Debora Greger
Poet and artist Debora Greger grew up in Richland, Washington. She earned a BA from the University of Washington and an MFA from the University of Iowa. She has published numerous books of poetry, including In Darwin’s Room (2017), Men, Women, and Ghosts (2008), and Movable Islands (2016), and her work has been included in issues of Best American Poetry. As a reviewer for Publishers Weekly observed, Greger “rarely rejoices, though she can surely console; her pruned-back, autumnal sensibility and her balanced lines suit the scenes she portrays.”
Greger’s ability to make unexpected yet revealing connections by overlapping the orbits of myth, history, and our daily commute is made tactile in her work as a collage artist. As a student at Iowa, Greger once (unsuccessfully) tried to submit a quilt in lieu of an essay. Her artwork has been included in The Writer’s Brush: Paintings, Drawings, and Sculpture by Writers (2007) and featured on the covers of several books, including William Logan’s Desperate Measures (2002). Greger, who has taught at George Mason University, California State University, and the University of Florida, encourages her writing students to turn to the visual arts for inspiration. As she noted in a 2008 interview, “You can look at a painting and find metaphors for all kinds of things.”

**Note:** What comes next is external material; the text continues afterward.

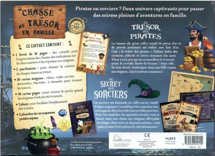 – Deux scénarios : l’un se déroulant dans l’univers des pirates – Le trésor des pirates – et l’autre dans l’univers des magiciens – le secret des sorciers.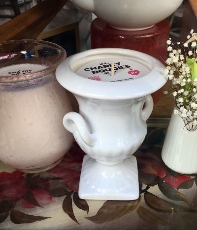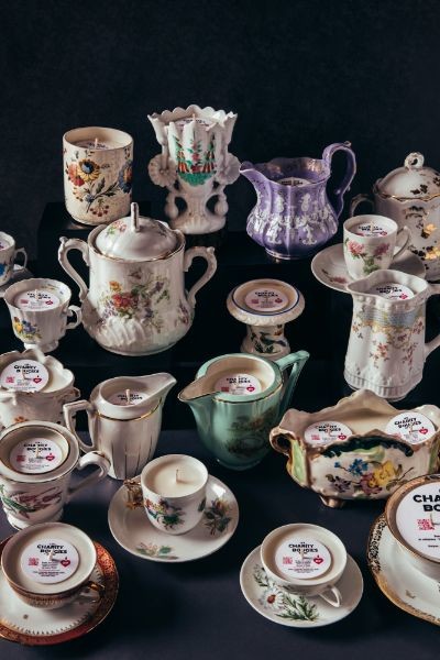 2017年に生まれた「Les Charity Bougies(レ・チャリティ・ブージ)」。ティーカップ、ミルクポット、ワイングラス、キャンディボックス……スタイルさまざまな古いオブジェを容器に用いたキャンドルコレクションを提案する。ブランドの創設者は、かつてプレスオフィスを主催していたナンシー・シャベールで、時代を経たオブジェはフランスの慈善目的の組織や人道支援団体などから購入している。それら器に流し入れるのはヴィーガンワックス。環境保護、社会発展、地域産業振興を柱にした活動のGo For Goodを数年前から推進するギャラリー・ラファイエットがレ・チャリティ・ブージにすぐに目をつけたのも、もっともだろう。

She has been awarded the Amy Lowell Poetry Traveling Scholarship and received grants from the Guggenheim Foundation, from the Ingram Merrill Foundation, and twice from the National Endowment for the Arts. She has been a fellow at the Bunting Institute (Radcliffe) and the Provincetown Fine Arts Work Center, and has won the Grolier Prize, the Award in Literature from the American Academy of Arts and Letters, the “Discovery”/The Nation Award, the Peter I.B. Lavan Younger Poets Award, and the Brandeis University Award in Poetry. Greger shared the 2004 Corrington Award for Literary Excellence from Centenary College with her longtime partner, poet and critic William Logan. She lives with Logan in Gainesville, Florida and Cambridge, England.